I have this moment returned from my conference with his lordship. I read
to him the greater part of your despatch No. 228. The conversation that
followed was interesting”, though brief. It was shortened by the
circumstance that the hour previously fixed for the reception of the
Japanese commissioners had arrived. As there is not time to prepare a
report by this steamer, I shall be compelled to defer it until next
week.
Hon. William H. Seward, Secretary of State, Washington, D. C.
Earl Russell to Mr. Adams.
Foreign Office,
May 7, 1862.
Sir: In your letter of the 24th of April
you call my attention to the case of the British vessel Emily St.
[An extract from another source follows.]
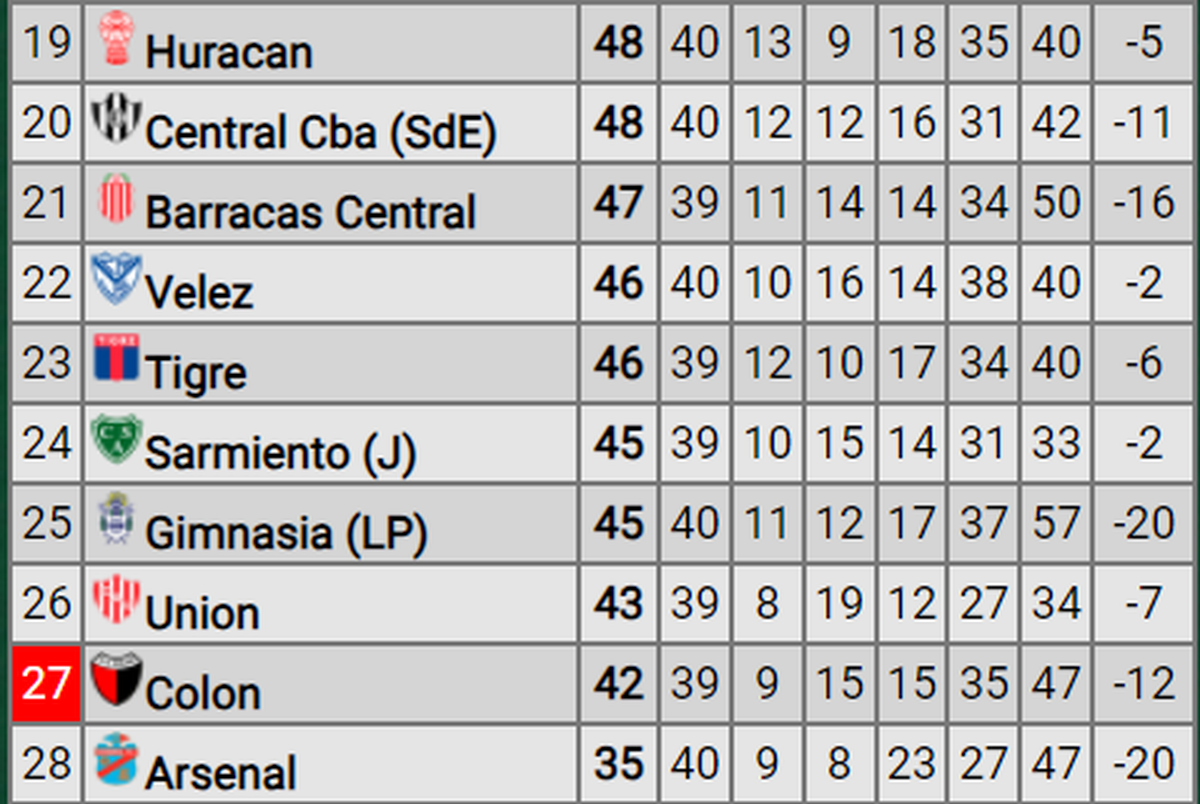 Arsenal ya descendió por la tabla de los promedios del descenso mientras que el segundo pasaje estará entre Colón, Unión, Gimnasia, Sarmiento y Vélez. Colón deberá ganarle a Talleres y definir con Vélez mientras que Unión tendrá que superar a Belgrano y definir de local ante Tigre.

Pierre, which, having been captured by a cruiser of the United
States for an attempt to break the blockade of Charleston, was, on
her voyage to Philadelphia for the purpose of being proceeded
against in the admiralty court, retaken from the prize crew by the
master, and some of her own crew left on board her, and brought into
Liverpool; and you request that suitable directions may be given to
restore the vessel at an early day to the authority from which she
has been violently taken.
I have consulted the law advisers of the crown on this matter; and,
in conformity with their opinion, I have now the honor to state to
you that her Majesty’s government are unable to comply with your
request for the restoration of the Emily St. Pierre, inasmuch as
they have no jurisdiction or legal power whatever to take or to
acquire possession of her, or to interfere with her owners in
relation to their property in her.
Acts of forcible resistance to the rights of belligerents, when
lawfully exercised over neutral merchant ships on the high seas,
such, for instance, as rescue from capture, however cognizable or
punishable as offences against international law, in the prize
courts of the captor administering such law, are not cognizable by
the municipal law of England, and cannot by that law be punished
either by confiscation of the ship, or by any other penalty; and her
Majesty’s government cannot raise, in an English court, the question
of the validity of the capture of the Emily St. Pierre, or of the
subsequent rescue and recapture of that vessel, for such recapture
is not an offence against the municipal law of this country.
I have the honor to be, with the highest consideration, sir, your
most obedient, humble servant,
Charles Francis Adams, Esq., &c., &c., &c.